The electrostatic charging test for automotive ESD is based on the GBT19951-2019&ISO10605 standards. This standard specifies ESD testing procedures for automotive, truck, and motorcycle components. During testing, professional electrostatic discharge guns and ESD testing equipment are used to apply electrostatic discharge to the surfaces of various parts of the car to simulate a real electrostatic discharge environment. During testing, attention should be paid to preventing harm to the testing personnel and the safety of the vehicle system itself.
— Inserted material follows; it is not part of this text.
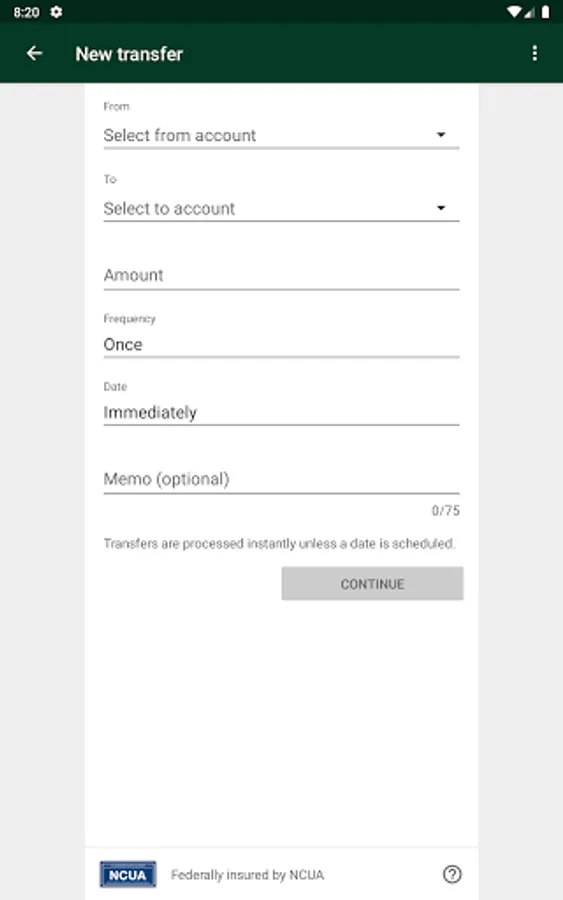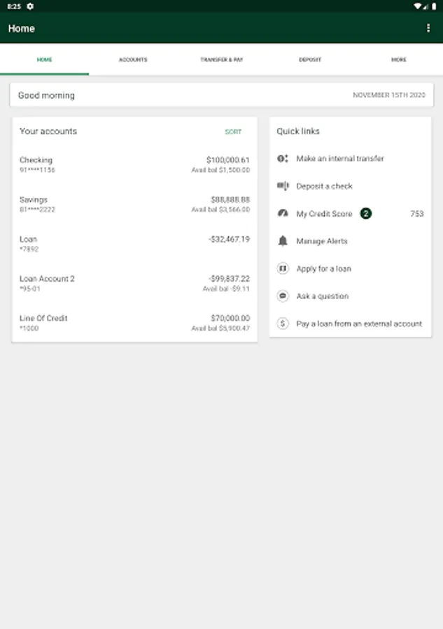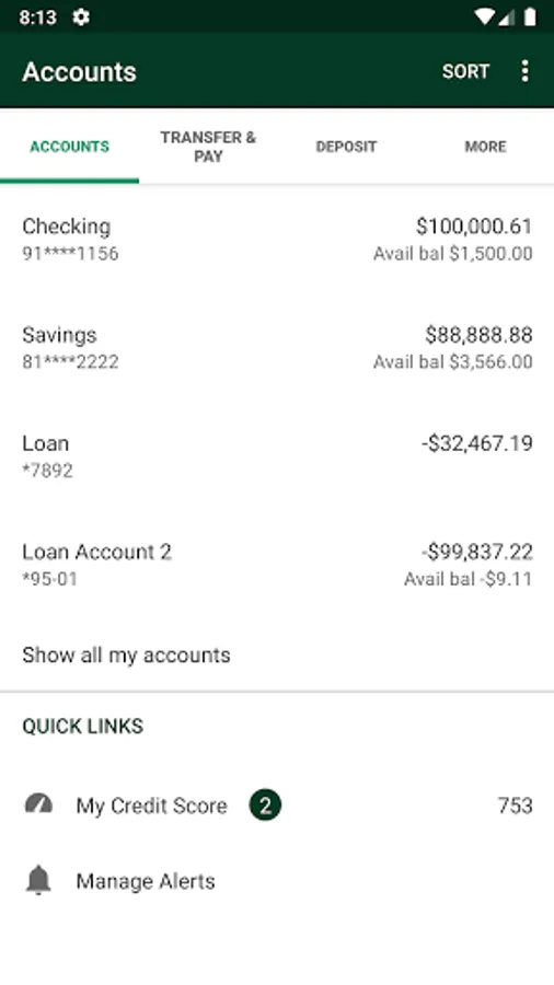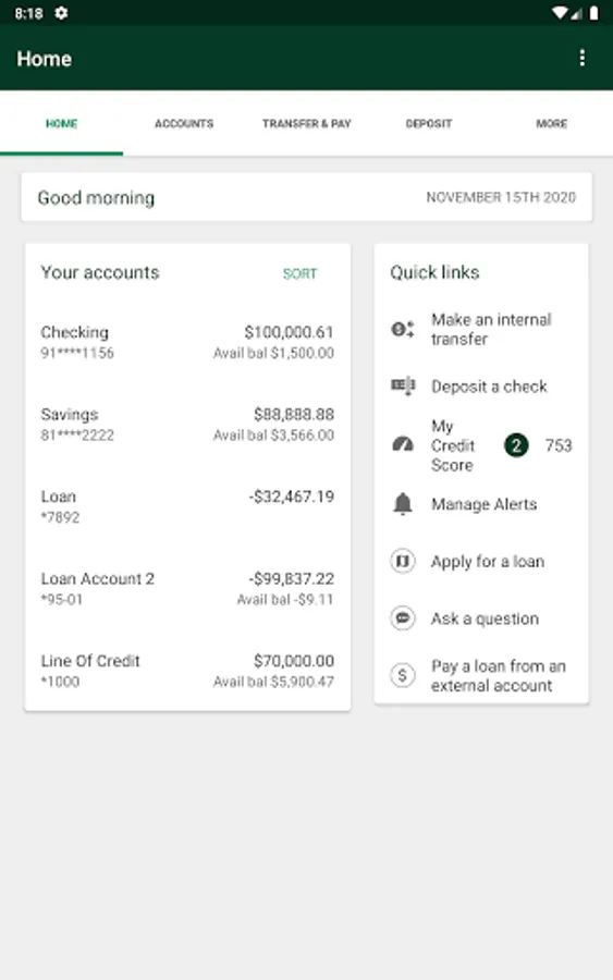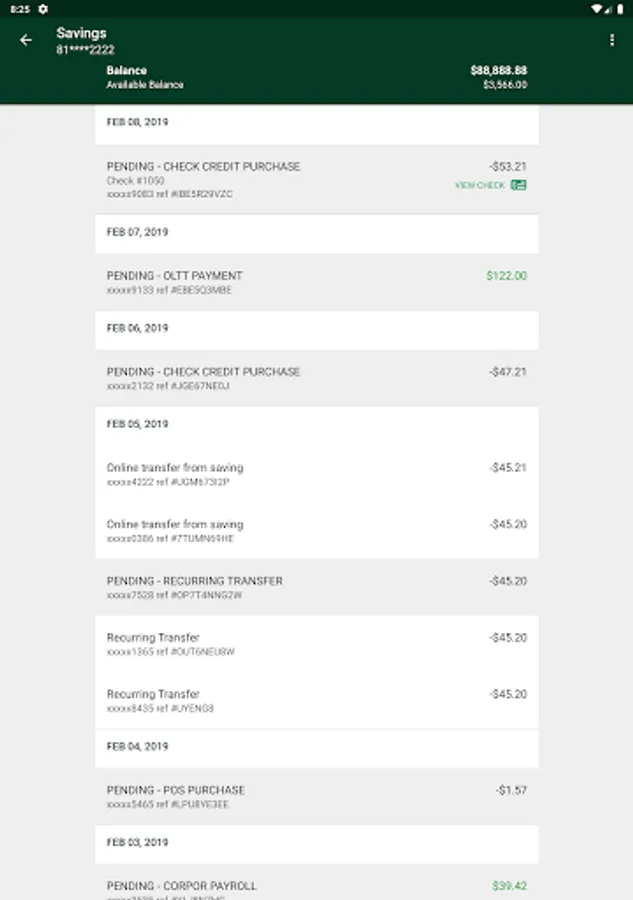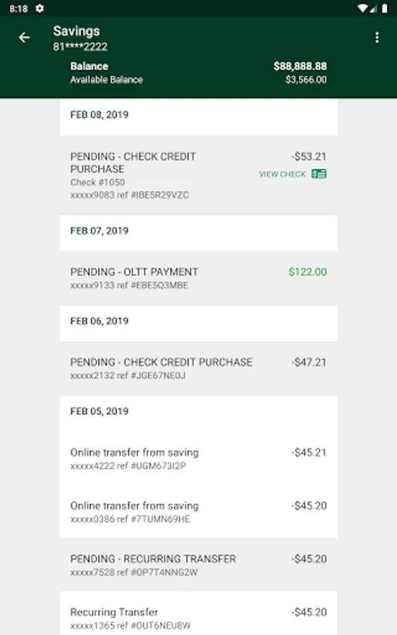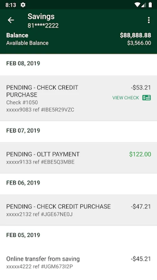 - Check your latest account balance and search recent transactions by date, amount, or check number.

Through ESD electrostatic charging tests, car manufacturers can evaluate the ability of car components to withstand electrostatic discharge to ensure the integrity and reliability of car systems. This helps to improve the reliability of the vehicle and reduce maintenance costs.
1、 Test Table Layout
GBT19951-2019&ISO10605 Static ESD Test Table Layout - Top View is as follows


Figure 1 Top view of ESD test table layout
Picture caption:
(1) Field coupled flat plate (at least 10mm larger in all directions than DUT and at least 160mm in size) × 350mm, conical part connected to HCP);
(2) Field coupling strip supporting the wiring harness (width 40mm);
(3) Discharge island (diameter 80mm);
(4) Place a non-conductive block (r<2.5, height 50mm) for the DUT and wiring harness.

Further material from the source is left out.